El aludido buscó en su ropa la diminuta llave, la del botón, que había utilizado antes para devolverle el libro a Lyann, pero por más que exploró por los bolsillos de su uniforme no logró encontrarla. Se le erizó el vello de la nuca cuando vio agacharse al hombre de la bata, justo donde él había estado antes, para recoger la llave.

-Vaya, vaya. Keian, creía que tu trabajo consistía en vigilar a nuestro amigo, no en servirle de entretenimiento. Pero está bien, está bien. No importa.

Él mismo pulsó el botón de la llave y la barrera de plasma desapareció. Lyann permanecía inmóvil y muy serio.

-¿Vienes conmigo? – le preguntó con tono amable el hombre de la bata. Al no obtener más respuesta que el silencio, dejó escapar de sus labios una exclamación de sorpresa de un modo un tanto exagerado –: ¡Oh! ¿Aún estás enfadado por esto? – Y dio tres suaves golpecitos con un dedo en las gafas metálicas de Lyann, que se movió por primera vez para apartarse bruscamente, y después gruñó irritado:

-No te bastaba con tenerme aquí encerrado día y noche, ¿por qué tenías también que volverme ciego?

El hombre chasqueó la lengua disgustado y colocó la mano sobre el hombro del chico, que se deslizó alejándose cuanto pudo.

-¡No me toques!

-Lyann... sabes que si he hecho todo esto es porque no sabes respetar las normas. – Esta vez sus palabras sonaron más dulces.

-¡Eso es mentira! – el tono y la furia de la voz de Lyann hicieron al hombre de la bata dar un brinco, sobresaltado –. Me mantienes aislado y bajo un control continuo sólo porque de ese modo te es más fácil experimentar conmigo, y puedes observarme con más frecuencia.

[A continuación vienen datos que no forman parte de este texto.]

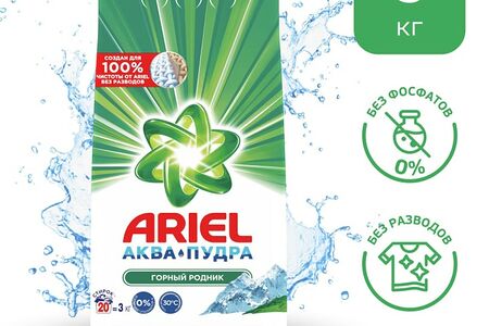 Стиральный порошок Ariel Горный родник Automat 3кг предназначен для машинной стирки вещей светлых оттенков. Благодаря отбеливающим компонентам он эффективно удаляет пятна с первого применения. Уровень качества Чистота Deluxe позволяет гранулам проникать глубоко в волокна ткани и выводить даже сильные загрязнения. Подходит для любого типа ткани, кроме шелка и шерсти. Отлично сохраняет цвет. Экономичный расход. Приятный освежающий аромат. Можно использовать при температуре от 30 до 90 градусов. Такой упаковки хватит примерно на 20 стирок.

Y sino dime, Kreul: ¿para qué has venido esta vez? ¿Por qué estás aquí? ¿Para qué, si no es para someterme de nuevo a uno de esos análisis?

-Dame el calmante – indicó Kreul a una mujer que lo acompañaba, también muy alta, y con el pelo platino estirado en una larga cola de caballo. Ella asintió una vez y sacó una especie de parche redondo de la caja metálica que sostenía, y que abrió utilizando como llave una de sus puntiagudas uñas negras.

Lyann sabía que intentar huir no tenía sentido, que con ese aparato que le tenía prisioneros los ojos no podría llegar muy lejos antes de ser capturado, pero no iba a permitir que le pusieran el parche sobre la piel. Conocía esa desagradable sensación de desconcierto y somnolencia que provocaban los calmantes, y no estaba dispuesto a pasar por ello de nuevo.

-Iré contigo – accedió con un nudo en la garganta al pensar lo que suponía esta rendición.

Recordaba los constantes análisis a los que lo sometían en el laboratorio como los peores momentos de su vida, y no porque aquellos exámenes fuesen dolorosos, porque no lo eran, no físicamente, al menos. Las conversaciones que escuchaba allí dentro eran lo que convertía ese lugar en un infierno, porque cuando estaba allí no se sentía humano... Quizás porque en cierto modo no lo era.